Gastrointestional findings. Gastroesophageal reflux is seen in about 30% and cyclic vomiting in about 25% of individuals.
Dental malocclusion. The most frequently encountered dental problems are malocclusion and crowding. Poor muscle tone, incessant chewing, tooth grinding, and tongue thrusting may contribute to malocclusion. Malocclusion may be accompanied by difficulty swallowing and drooling, and may contribute to difficulties in verbalization.
Neurologic manifestations. Arachnoid cysts occur in about 15% of individuals compared to about 1% in the general population. Other neurological problems include reduced myelination, frontal lobe hypoplasia, agenesis of the corpus callosum, ventriculomegaly, and seizures. Many seizures are febrile and do not require medication; however, grand mal seizures, focal seizures, and absence seizures have been described. No characteristic EEG findings are associated with deletion 22q13.3.

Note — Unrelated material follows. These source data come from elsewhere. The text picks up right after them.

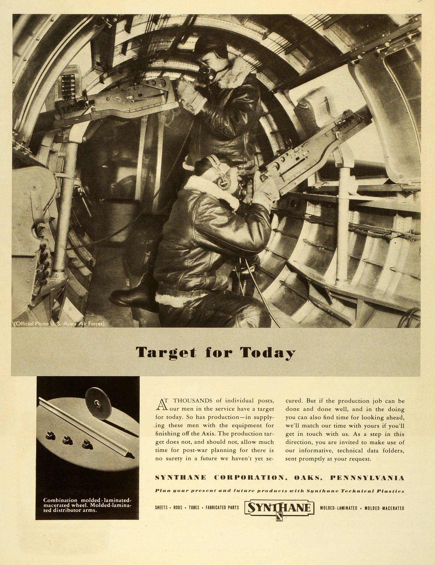 This is an original 1943 World War II black and white print ad for the Synthane Corporation of Oaks, Pennsylvania, who are doing their part to aid in the war production efforts.
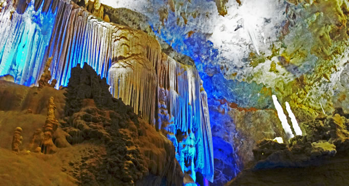 水晶宮位于縣城西北的那社鄉(xiāng)大洛村牛洞屯,距縣城約等43千米,交通便利。水晶宮發(fā)育在峰叢洼地谷地巖溶地貌區(qū),地形起伏大,洞口位于巖溶峰簇的山坡上,高出現(xiàn)代侵蝕面約150米。 水晶宮以潔白純凈、密集分布的石毛發(fā)、卷曲石、石花等景觀為顯著特色,珍惜景觀。洞內(nèi)空氣負氧離子含量很高,達到每立方厘米36000-70000個,為洞外的5-10倍。 水晶宮為廊道狀的中型洞穴,洞穴基本上順巖層層面面發(fā)育,除數(shù)處大廳外,總體上洞道高低起伏不大。據(jù)初步調(diào)查,水晶宮的長度總長度1000多米,寬8至50米,高10至80米。洞底局部有軟式和細沙土沉積物。水晶宮內(nèi)的鐘乳石類有重力水趁機累的鵝管、鐘乳石、石筍、石柱、石帶、石旗和各類石幔、石瀑布、石盾等;非重力水晶沉積類的石毛發(fā)、卷曲石、石花等數(shù)十種,形態(tài)多彩多姿,雪白純凈,玲瓏剔透,集天下藝術珍品于一洞,且正在生長之中,極具觀賞價值和科學探究價值。
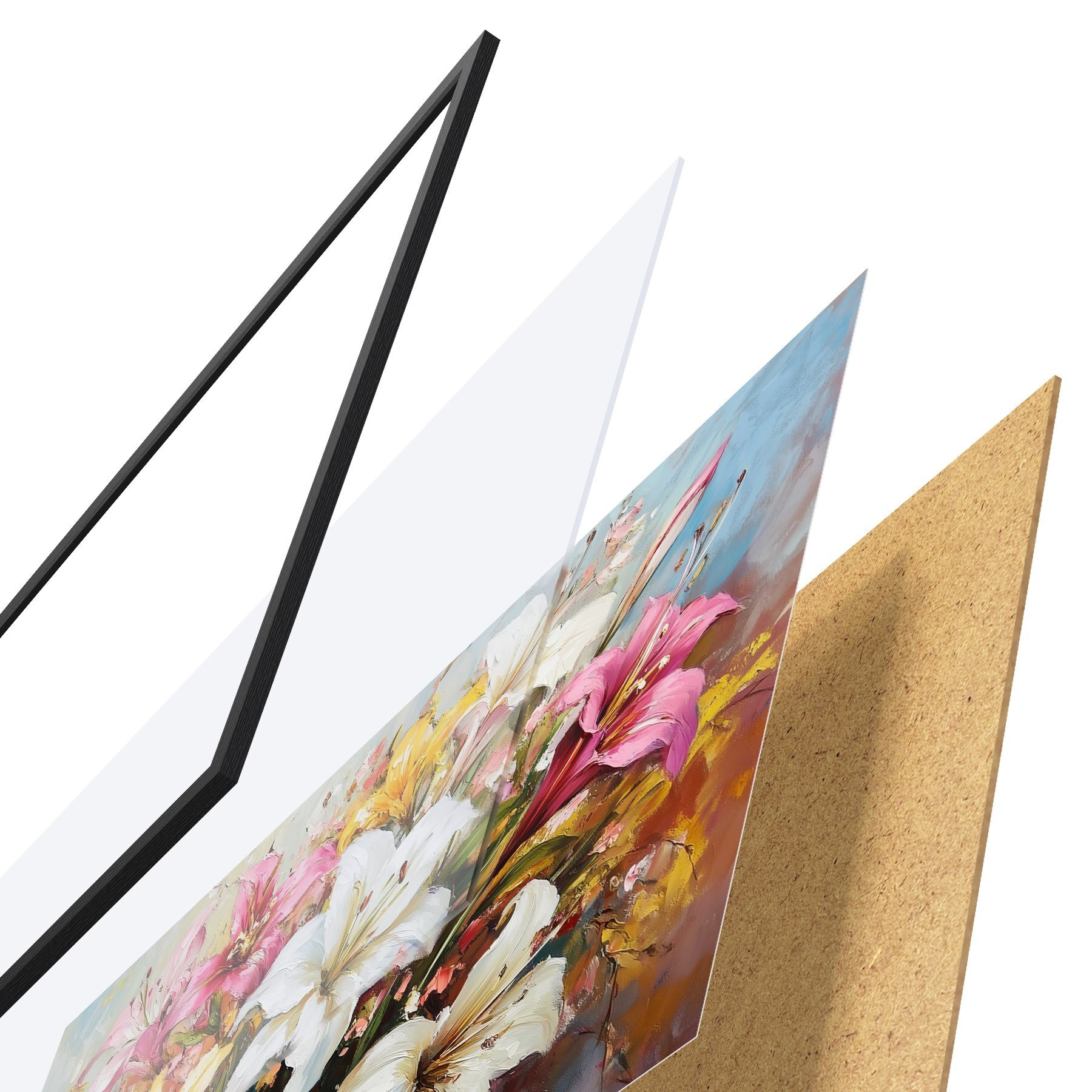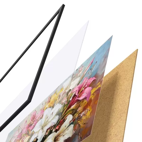 Le poster se compose d'un cadre, d'un plexiglas, d'une image imprimée et d'un support en aggloméré. Le poster peut être immédiatement accroché au mur grâce aux fixations au dos.

Lymphedema. Both lymphedema and recurrent cellulitis have been observed in about 10% of individuals, typically becoming problematic during the teenage and adult years.
Fertility. No individuals diagnosed with 22q13.3 syndrome have been known to reproduce. Nonetheless, no fertility studies have been performed that would exclude the possibility of reproduction. Females with deletion 22q13.3 go through puberty and begin their menstrual periods at the normal age.
Life span impact. Longitudinal data are insufficient to determine life expectancy. However, life-threatening or life-shortening cardiac, pulmonary, or other organ system defects are not common. The paucity of older adults with 22q13.3 syndrome reflects the difficulty in establishing this diagnosis prior to the advent of high-resolution chromosome analysis and FISH.
Mosaic deletion 22q13.3. Thephenotypically normal mother of two affected children was mosaic for deletion 22q13.3, resulting from an unbalanced translocation with the satellite region of an unidentified acrocentric chromosome. The derivative chromosome 22 was observed in 6% of cells from maternal peripheral blood [Phelan, unpublished data].